The Austerity of Patience
In this regard, Shantideva explains that there is no austerity equal to patience. People painstakingly perform various deeds of austerity to accumulate merit, or to bring good fortune and auspiciousness. Sometimes they give in to blind faith and go to the extent of inflicting wounds upon themselves. They think that it will please gods and bring glories. In contrast to all that pain, the little difficulty faced in cultivating patience is much more beneficial and definitive in bringing benefit. Patience is the highest austerity because it protects us from the blindness of anger. It safeguards us from throwing away our merit, qualities, good habits and hard-earned image all down the drain. No other austerity can replace this.
Shantideva also compares the pain of controlling hatred and anger to that of other pains that we joyfully take on. To put that in a modern context, let us take the example of those who like hiking to rainforests. They might get bitten by leeches. They go to forests, come back and happily talk about the ‘fun’ they had in the forest. They happily describe the stories of the encounters they had with the leeches that were waiting to suck their blood.
To give a common example, most of us easily bear the pain of taking vaccination against diseases. We are ready to take that pain, because there is also protection from the fatal harm that diseases can bring. The pain of controlling anger and cultivating patience is minuscule in comparison. And that protects against the shattering away of all other efforts. Moreover, the pain of controlling anger is only in the beginning. And as you develop patience and wisdom, there is no more pain there.
These two reflections, namely,
(1) Reflecting upon the fault of anger, and
(2) Reflecting upon the benefits of the austerity of patience
makes you ready to start managing your anger.
The next step is to apply various ways of cultivating wisdom to dissolve the very pain of restraining anger.

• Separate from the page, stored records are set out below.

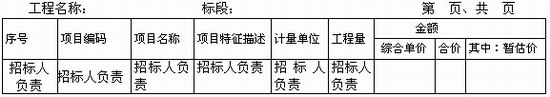 格式如下表 所示,在分部分项工程量清单的编制过程中,由招标人负责前六项内容填列,金额部分在编制招标控制价或投标报价时填列。
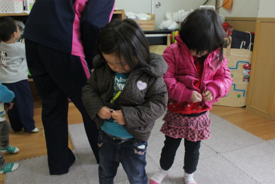 イルカ組(2歳クラス)のお友達はチャックだって自分でできちゃいます(^^)v
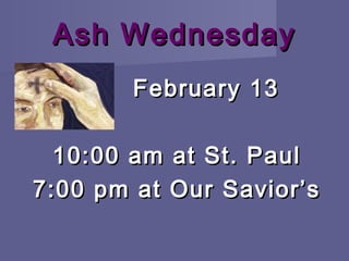 This document provides information about upcoming events at Our Savior's Lutheran Church, including Ash Wednesday services, a Young at Heart program on maple syrup production, Lent worship schedules, evening and daytime Lenten services, a Church in Society meeting, Boy Scout pancake supper, adult education classes, Sunday School assistance needs, a pictorial directory, online Bible study, crochet lessons, a pastors' internet radio show, breakfast Bible study, men's group meetings, recycling of ink cartridges and milk caps, greeting card sales, a prayer room, sponsoring flowers and radio broadcasts, flower delivery assistance, a magazine exchange, designating Thrivent Choice Dollars, coffee hour volunteer needs, and nametag updates.
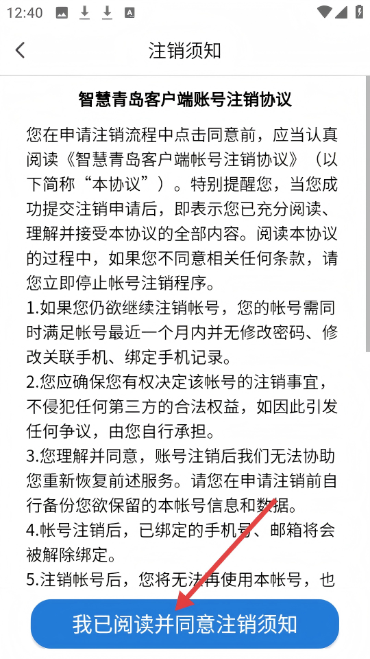 4、在【注销须知】页面,点击【我已阅读并同意注销须知】,可继续账号注销。
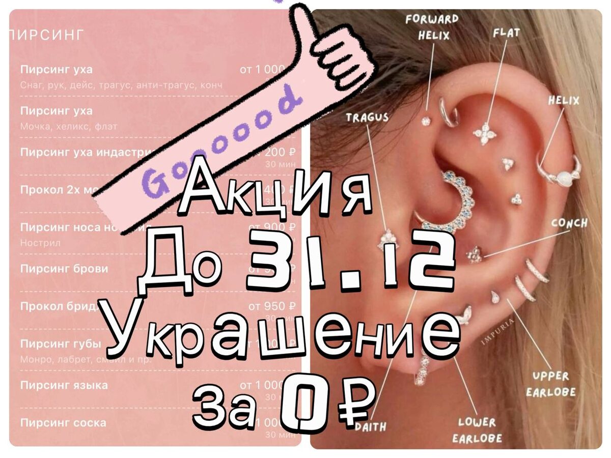 🌸 Акция на пирсинг, украшение из титана за 0₽ до 31 декабря ✅❤️🔥

The Buddhist approach to managing anger is neither to hold it up inside nor to let it outflow. Holding up can be good to begin with, but later leads to stress and becomes uncontrollable beyond a point. Expressing anger and letting it outflow is even more dangerous. In the latter case, you are not even trying to transform and gradually become oversensitive. The Buddhist approach is to first restrain from the outburst of anger, and then cut the fuel to anger, and then use the warmth of wisdom to dissolve away hatred altogether. Then, there is no pent-up emotion of hatred.

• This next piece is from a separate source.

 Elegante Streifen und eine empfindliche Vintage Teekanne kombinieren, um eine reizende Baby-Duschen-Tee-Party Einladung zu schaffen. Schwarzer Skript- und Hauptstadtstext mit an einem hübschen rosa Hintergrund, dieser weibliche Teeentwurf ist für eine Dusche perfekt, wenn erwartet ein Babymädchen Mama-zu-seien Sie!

There are many ways to do this, such as
- Bringing refreshingly new perspectives to the situation such that irritation vanishes
- Reflecting upon the causes and conditions that lead to one’s irritation or harm
- Reflecting upon the causes and conditions that affected the harm-doer in behaving abusively
- Reflecting upon the empty nature of oneself and the person who causes harm
- Meditating and observing the true nature of hatred that is arising,
A detailed discussion on these methods of wisdom is beyond the scope here and can be dealt at another time. Here, the emphasis is on the first point – to recognize the evil of hatred and the remedy in patience.
May all be auspicious! And, may the power of patience settle the mind free from all its turbulence into its natural and serene clarity where wisdom and peace arise spontaneously!